3. Recursive Approach

The simple recursive approach calculates the minimum cost directly. It does not save any results. This leads to a lot of repeated work and makes it slow.

  • Time Complexity: O(2^n)
  • Space Complexity: O(n) (due to call stack)
int minCostClimbingStairs(vector<int>& cost) {
    return min(minCost(cost, cost.size() - 1), minCost(cost, cost.size() - 2));
}

int minCost(vector<int>& cost, int i) {
    if (i < 0) return 0;
    return cost[i] + min(minCost(cost, i - 1), minCost(cost, i - 2));
}

Comparison Summary

  • Dynamic Programming: This is the best choice for being fast and clear. Iterative DP also uses less space.
  • Memoization: This helps for a recursive solution but still uses extra space for results.
  • Recursive: This method is easy to understand but not good for big inputs because it is slow.

If we want to learn more about dynamic programming, we can check out Dynamic Programming - Fibonacci Number or Dynamic Programming - Fibonacci with Memoization.

Frequently Asked Questions

1. What is the Min Cost Climbing Stairs problem in dynamic programming?

The Min Cost Climbing Stairs problem is a well-known challenge in dynamic programming. We need to find the smallest cost to reach the top of a staircase. We can climb one or two steps at a time. Each step has a cost. The aim is to find the cheapest way to get to the last step. This problem helps us learn how to use dynamic programming.

2. How does dynamic programming help in solving the Min Cost Climbing Stairs problem?
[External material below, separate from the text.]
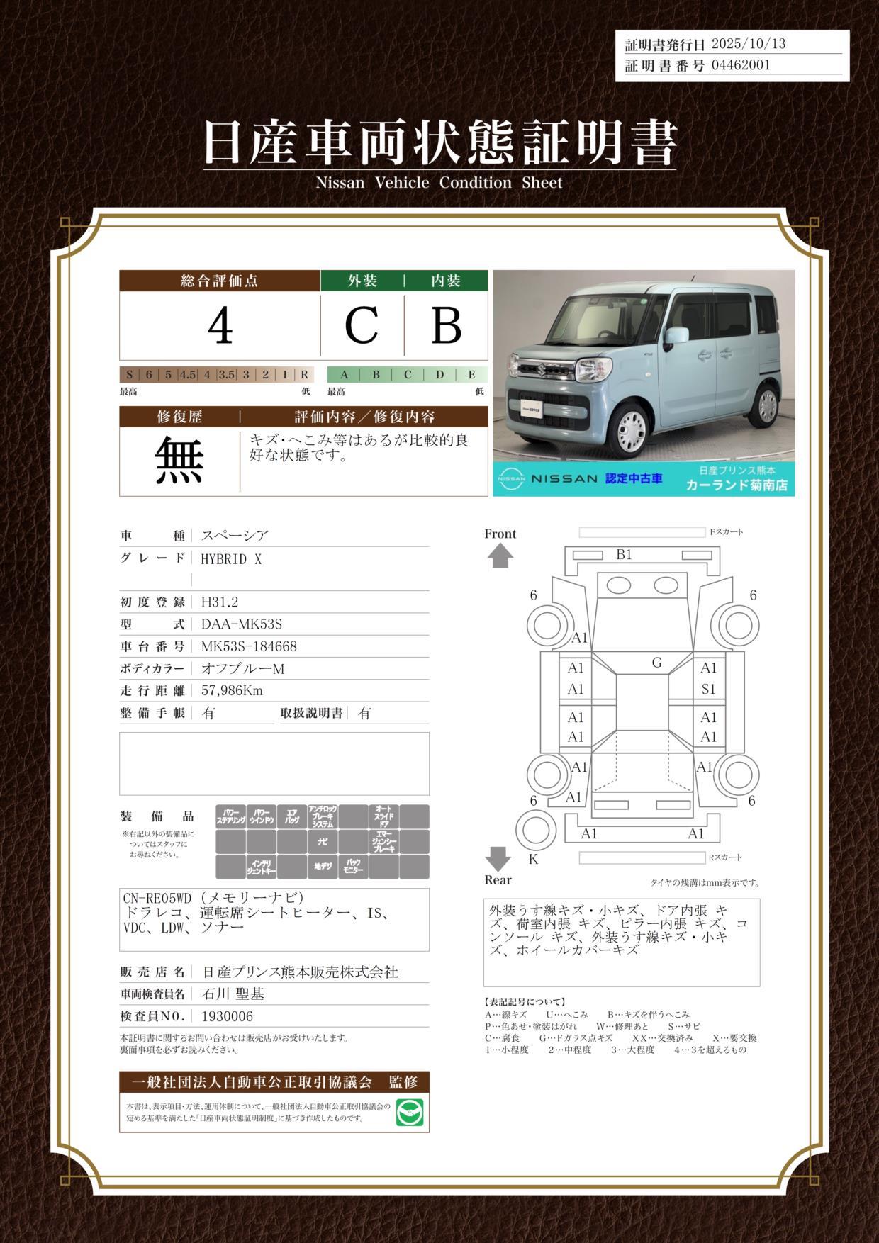 車両状態評価書 | ※クリックすると開きます![]() |

Dynamic programming is useful for the Min Cost Climbing Stairs problem. It breaks the problem into smaller parts. We store results to avoid doing the same calculations again. We use an array to keep track of the minimum costs to reach each step. This makes the solution faster. If we want to learn more about dynamic programming, we can read the Dynamic Programming Climbing Stairs article.
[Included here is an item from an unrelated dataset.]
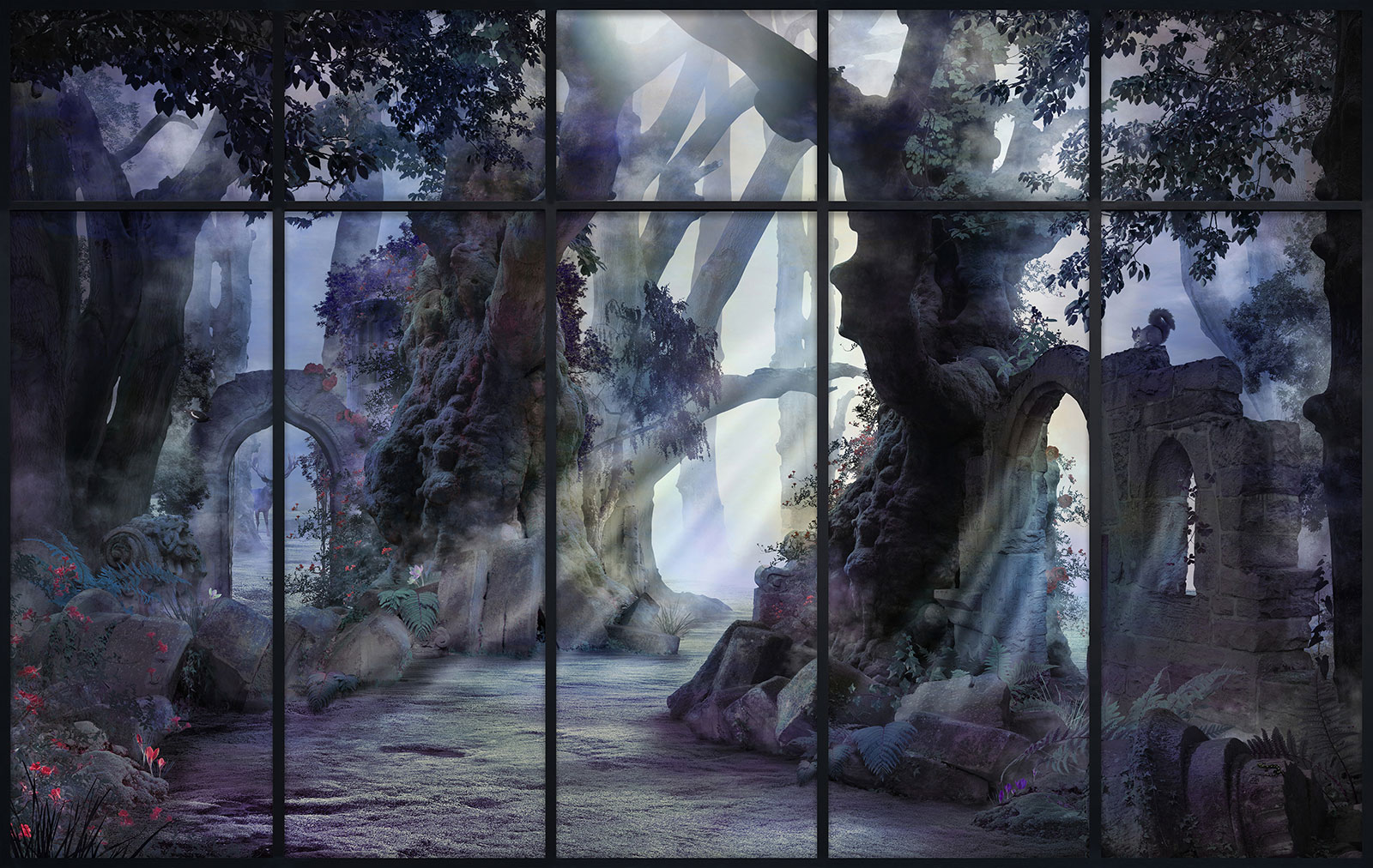Papier peint panoramique Trompe l'œil Verrière - Forêt

3. What is the time complexity of the dynamic programming solution for Min Cost Climbing Stairs?

The time complexity of the dynamic programming solution for the Min Cost Climbing Stairs problem is O(n). Here, n is the number of steps. This is efficient because we calculate the minimum cost for each step only once. We store these results in an array. This is better than a simple recursive method that can take a lot of time because it does many repeated calculations.
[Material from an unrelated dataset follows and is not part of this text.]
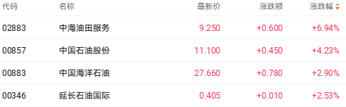 截至收盘,中海油田服务(02883.HK)涨6.94%,延长石油国际(00346.HK)涨2.53%,中国石油股份(00857.HK)涨4.23%。

4. Can the Min Cost Climbing Stairs problem be solved using memoization?

Yes, we can solve the Min Cost Climbing Stairs problem using memoization. This is a method that saves the results of expensive function calls. When the same inputs come again, it gives back the saved result. This way, we reduce the time it takes to solve the problem. It is more efficient than just using recursion. If you want to know more about memoization, you can read about the Dynamic Programming Fibonacci with Memoization.

5. What programming languages are commonly used for implementing Min Cost Climbing Stairs solutions?

We can implement the Min Cost Climbing Stairs problem in many programming languages. Some common ones are Java, Python, and C++. Each language has its own syntax and features. This allows us to pick the one we like best. The article shows complete implementations in these languages. This way, we can follow along and change the solution to fit what we need.